This hyper-hoppy beer isn’t for everyone, but remains a go-to option for longtime IPA fans who aren’t looking to break the bank. Assertive American hoppiness dominates the flavor profile along with pineapple, mango, and dank, resinous pine notes that call back to a bygone era of the style.
Style American IPA
Company Lagunitas Brewing Company
Brewery Location Petaluma, California
MSRP $10 per 6-pack
An affordable IPA made in the traditional American style
Bold fruit flavors and aromas create complexity.
Competitively priced compared to similar beers
Easy-drinking despite its relatively high alcohol content
Leans heavily into hop characteristics for its flavor profile
The recipe represents a bygone era of the style.
Some may consider the beer too assertively bitter.
Color: The beer pours a soft golden pale amber in the glass with a half-inch of head that doesn’t fully dissipate after two minutes.
Nose: Vibrant aromas of sticky pine needles, lime zest, and tropical fruit are upfront and center on the nose and leap from the glass. Hints of bready malt aromas serve as behind-the-scenes contributors to the overall scent profile.
Palate: Bold, hop-forward flavors dominate the flavor of this beer, drenching the palate with a medium-full-bodied mouthfeel. Juicy lime, mango, and pineapple marmalade notes burst forth, balanced alongside hop bitterness and dank, earthy pine resin. Although carbonation remains light to medium, it still accentuates the vibrant fruity flavors.
Finish: A long, lingering bitter finish accompanies each sip. Herbaceous and floral aromas come through on the aftertaste.
It’s impossible to talk about American independent brewing in the ’90s and early aughts without bringing up Lagunitas. The legendary beer maker opened its doors in 1993 in (natch) Lagunitas, California, but just a year later its skyrocketing popularity forced the brewery to move to nearby Petaluma.

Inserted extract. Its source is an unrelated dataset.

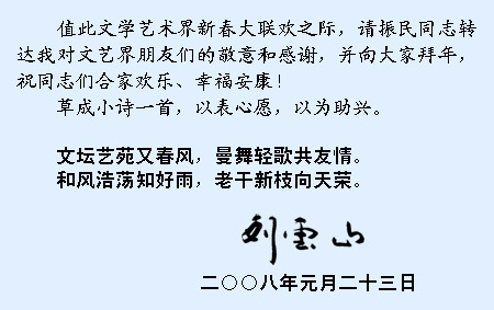 在“百花迎春——中国文学艺术界春节大联欢”举办之际,中共中央政治局委员、书记处书记、中宣部部长刘云山致信中国文联党组书记、副主席胡振民,转达他对文艺界朋友们的敬意和感谢,并赋诗一首向大家拜年。全文如下:

By 2013, Lagunitas was the fifth-largest craft brewery by sales in the U.S. But in 2015, Heineken purchased a 50% stake in the company, stripping it of its craft status. And the global macro brewer would purchase the remaining ownership stake in the company just two years later.

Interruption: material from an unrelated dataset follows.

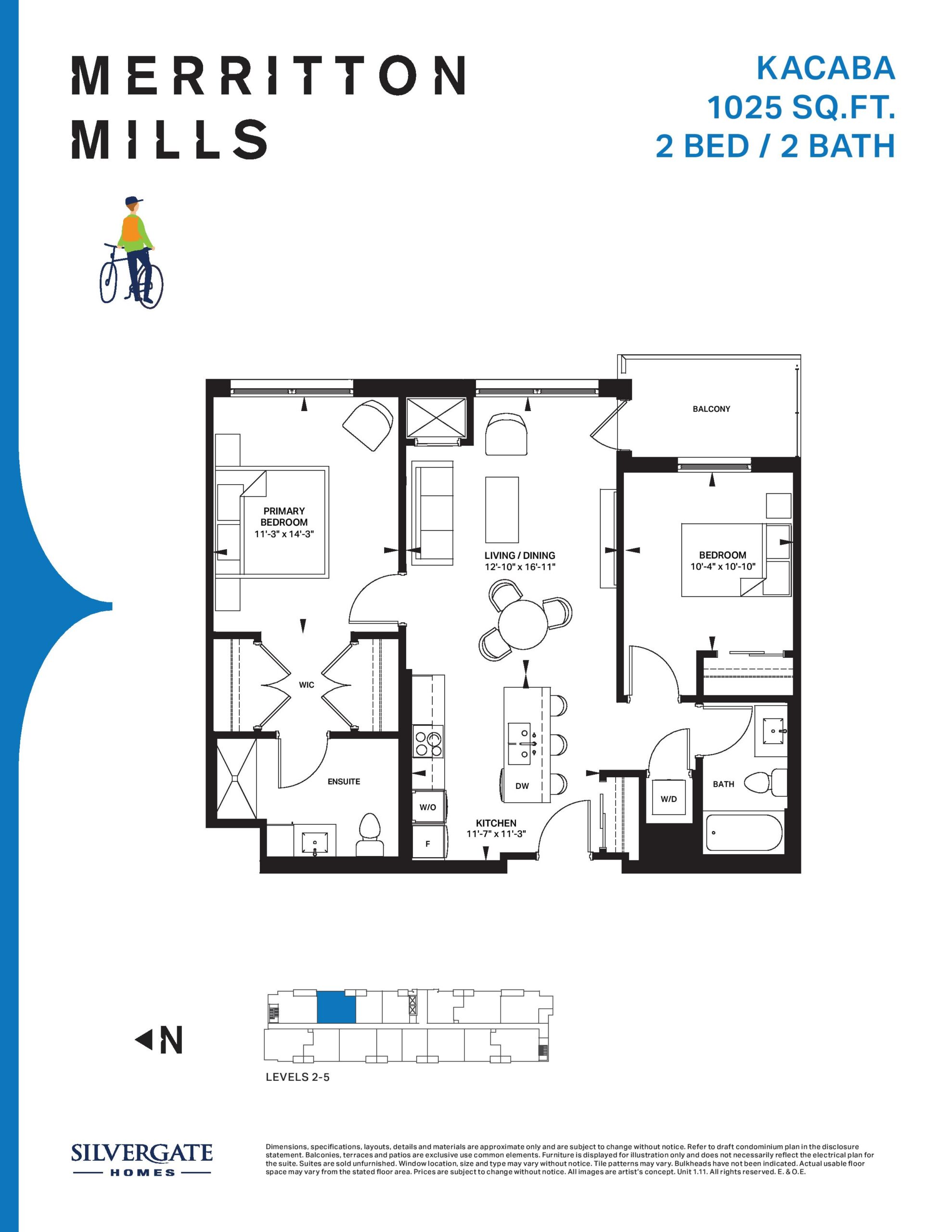 Kacaba Floor Plan at Merritton Mills Condos - 1025 sq.ft

Unlike many of the other breweries which were scooped up by conglomerates around the time, however, Lagunitas has largely maintained the quality of its core lineup of beers—and, thanks to its acquisition, many are on the lower end of the price spectrum.
That includes 2010 release Little Sumpin Sumpin,’ a slight play on the traditional IPA style which uses 50% wheat and 50% malted barley in its mash bill to round out and bulk up the body of the beer. This increased heft on the palate buttresses vibrant tropical fruit notes of pineapple, mango, and lime. Although it’s assertively bitter thanks to hop-forward and resinous notes, Little Sumpin’ Sumpin’ maintains a balanced flavor profile, rounding out its long finish with a fruit-juice-soaked crescendo.
What Lagunitas has done right for so long with this beer is also what might end up costing it more fans in the long run. While piney, resinous hop flavor profiles once dominated the market, more nuanced recipes have shown that the style doesn’t have to rely on shock to win over drinkers. In fact, the assertively bitter and hoppy flavor profile is likely to alienate some who tried to dabble in craft years ago but were turned off by the bitter hop bombs on shelves and tap.
Still, fans of the throwback IPA will find plenty to love in this widely available—and affordable—beer. At 7.5% ABV, Little Sumpin’ Sumpin’ is by no means a session beer, but its bold flavor profile makes it a superb food pairing option for a wide variety of strongly-flavored dishes, from aged blue cheeses to burgers and even desserts like chocolate-chip cookies.
Lagunitas may have ditched its first brewery and taproom within a year of opening, but it has increased its real estate plenty since settling down in Petaluma. In 2012, the company announced plans to open an expansion brewery near Chicago, which became operational in 2014.